Slashdot Mirror


Researchers Are Training Image-Generating AI With Fewer Labels (venturebeat.com)

An anonymous reader shares a report: Generative AI models have a propensity for learning complex data distributions, which is why they're great at producing human-like speech and convincing images of burgers and faces. But training these models requires lots of labeled data, and depending on the task at hand, the necessary corpora are sometimes in short supply.

The solution might lie in an approach proposed by researchers at Google and ETH Zurich. In a paper [PDF] published on the preprint server Arxiv.org ("High-Fidelity Image Generation With Fewer Labels"), they describe a "semantic extractor" that can pull out features from training data, along with methods of inferring labels for an entire training set from a small subset of labeled images. These self- and semi-supervised techniques together, they say, can outperform state-of-the-art methods on popular benchmarks like ImageNet.

"In a nutshell, instead of providing hand-annotated ground truth labels for real images to the discriminator, we ... provide inferred ones," the paper's authors explained. In one of several unsupervised methods the researchers posit, they first extract a feature representation -- a set of techniques for automatically discovering the representations needed for raw data classification -- on a target training dataset using the aforementioned feature extractor.

6 of 18 comments (clear)

  1. Headline, meet story by tomhath · · Score: 1
    Headline:

    Researchers Are Training Image-Generating AI...

    Story:

    The solution might lie in an approach proposed by researchers at Google and ETH Zurich...

    The researchers aren't training anything. They just hypothesized that it might be possible to use AI to train AI. Then their heads exploded.

  2. So statistical classifiers fail on complex things? by gweihir · · Score: 1

    Who would have thought. Oh, right, I learned that about 30 years ago at university in my CS studies.

    --
    Most ACs are not even worth the keystrokes to insult them. Be generically insulted by this and ignored otherwise.
  3. Algorithms all the way down by mrwireless · · Score: 2

    So we're training machine learning algorithms with data that was generated by machine learning algorithms?

    And we're using those algorithms in situations where we didn't have much data, which may often mean they are complex situations?

    This sounds like a bias-factory, breaking some kind of law of entropy.

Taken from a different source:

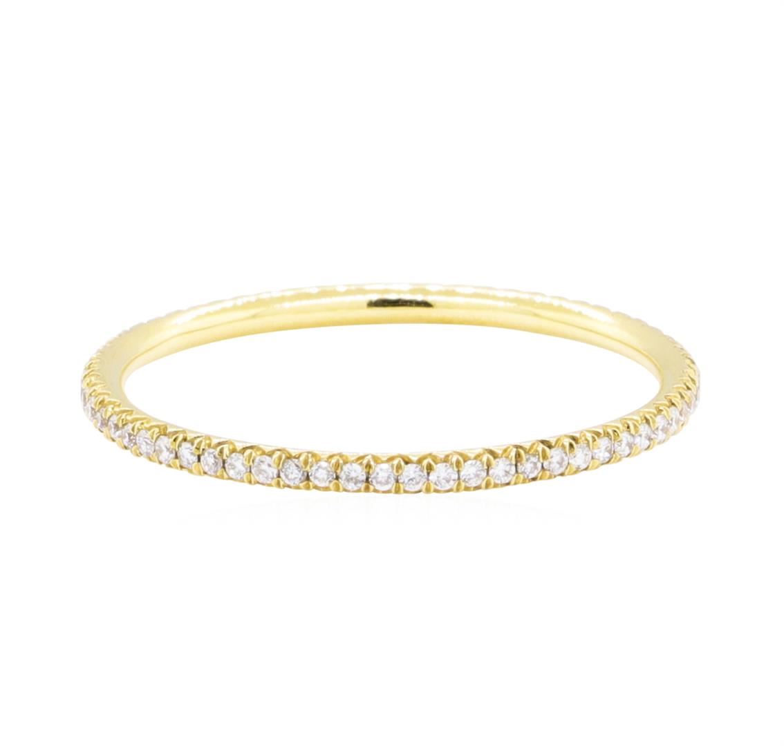 One eternity ring featuring: 18KT yellow gold weighing 1.0 grams containing diamonds weighing 0.25ctw. The ring is a size 6.
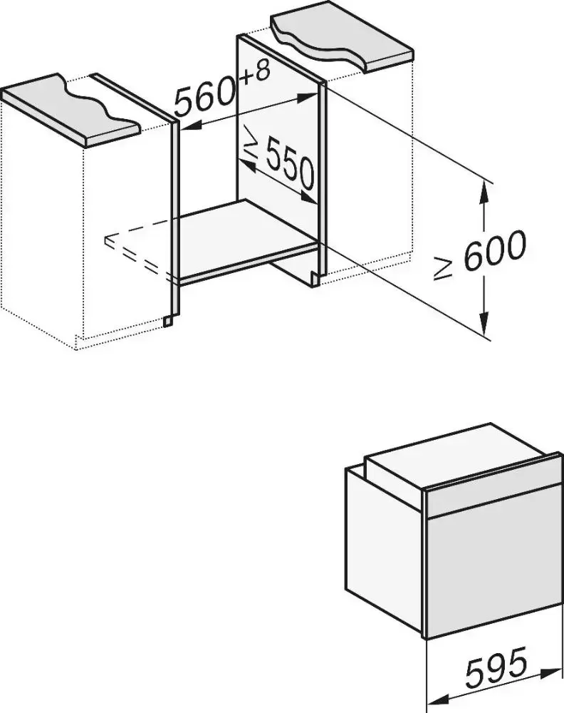 - Размеры ниши для встраивания, ВхШхГ (см)

  4. one step forward, two steps back by epine · · Score: 1

    In one of several unsupervised methods the researchers posit, they first extract a feature representation -- a set of techniques for automatically discovering the representations needed for raw data classification -- on a target training dataset using the aforementioned feature extractor.

    My comprehension regressed upon encountering this sentence.

  5. Firirre Turukcs by Tablizer · · Score: 1

    Those artificially generated fire trucks sure are funky looking. They immediately stand out as fire-trucks, but as you look more closely, they have weird details in weird spots, and duplicate things that shouldn't be duplicated in practice. iLSD or a transporter accident.

  6. Re:So statistical classifiers fail on complex thin by gweihir · · Score: 1

    This type of "AI" is really not more. Non-statistical approaches are different, but about as "intelligent".

    --
    Most ACs are not even worth the keystrokes to insult them. Be generically insulted by this and ignored otherwise.